* _DATA EXCERPTS_:
.....

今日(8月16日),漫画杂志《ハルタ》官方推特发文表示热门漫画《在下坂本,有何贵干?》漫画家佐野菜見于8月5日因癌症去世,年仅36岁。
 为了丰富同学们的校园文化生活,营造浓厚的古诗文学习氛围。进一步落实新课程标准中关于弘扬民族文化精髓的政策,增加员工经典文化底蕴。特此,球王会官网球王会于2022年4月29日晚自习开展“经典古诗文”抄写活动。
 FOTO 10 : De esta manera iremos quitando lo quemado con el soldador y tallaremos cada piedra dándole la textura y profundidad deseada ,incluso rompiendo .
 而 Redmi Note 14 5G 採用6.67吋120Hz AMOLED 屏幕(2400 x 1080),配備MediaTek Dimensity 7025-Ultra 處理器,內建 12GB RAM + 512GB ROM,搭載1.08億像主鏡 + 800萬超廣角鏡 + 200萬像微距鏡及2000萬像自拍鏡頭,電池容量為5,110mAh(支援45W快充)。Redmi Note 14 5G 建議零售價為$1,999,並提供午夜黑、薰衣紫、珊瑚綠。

.....

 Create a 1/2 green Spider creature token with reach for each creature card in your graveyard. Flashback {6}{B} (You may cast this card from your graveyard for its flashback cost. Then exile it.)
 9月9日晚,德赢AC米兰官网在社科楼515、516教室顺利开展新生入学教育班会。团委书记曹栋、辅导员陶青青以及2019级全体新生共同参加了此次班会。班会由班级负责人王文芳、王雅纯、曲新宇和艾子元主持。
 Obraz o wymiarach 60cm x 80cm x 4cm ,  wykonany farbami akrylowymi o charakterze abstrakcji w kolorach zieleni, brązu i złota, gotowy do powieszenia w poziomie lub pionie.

.....

* _EXERCISE INSTRUCTIONS_:
Please give an exact copy of the entries above, from the line with "为了丰富同学们的校园文化生活" down to the line with "而 Redmi Note", inclusive, and nothing else.

* _EXPECTED ANSWER_:
 为了丰富同学们的校园文化生活,营造浓厚的古诗文学习氛围。进一步落实新课程标准中关于弘扬民族文化精髓的政策,增加员工经典文化底蕴。特此,球王会官网球王会于2022年4月29日晚自习开展“经典古诗文”抄写活动。
 FOTO 10 : De esta manera iremos quitando lo quemado con el soldador y tallaremos cada piedra dándole la textura y profundidad deseada ,incluso rompiendo .
 而 Redmi Note 14 5G 採用6.67吋120Hz AMOLED 屏幕(2400 x 1080),配備MediaTek Dimensity 7025-Ultra 處理器,內建 12GB RAM + 512GB ROM,搭載1.08億像主鏡 + 800萬超廣角鏡 + 200萬像微距鏡及2000萬像自拍鏡頭,電池容量為5,110mAh(支援45W快充)。Redmi Note 14 5G 建議零售價為$1,999,並提供午夜黑、薰衣紫、珊瑚綠。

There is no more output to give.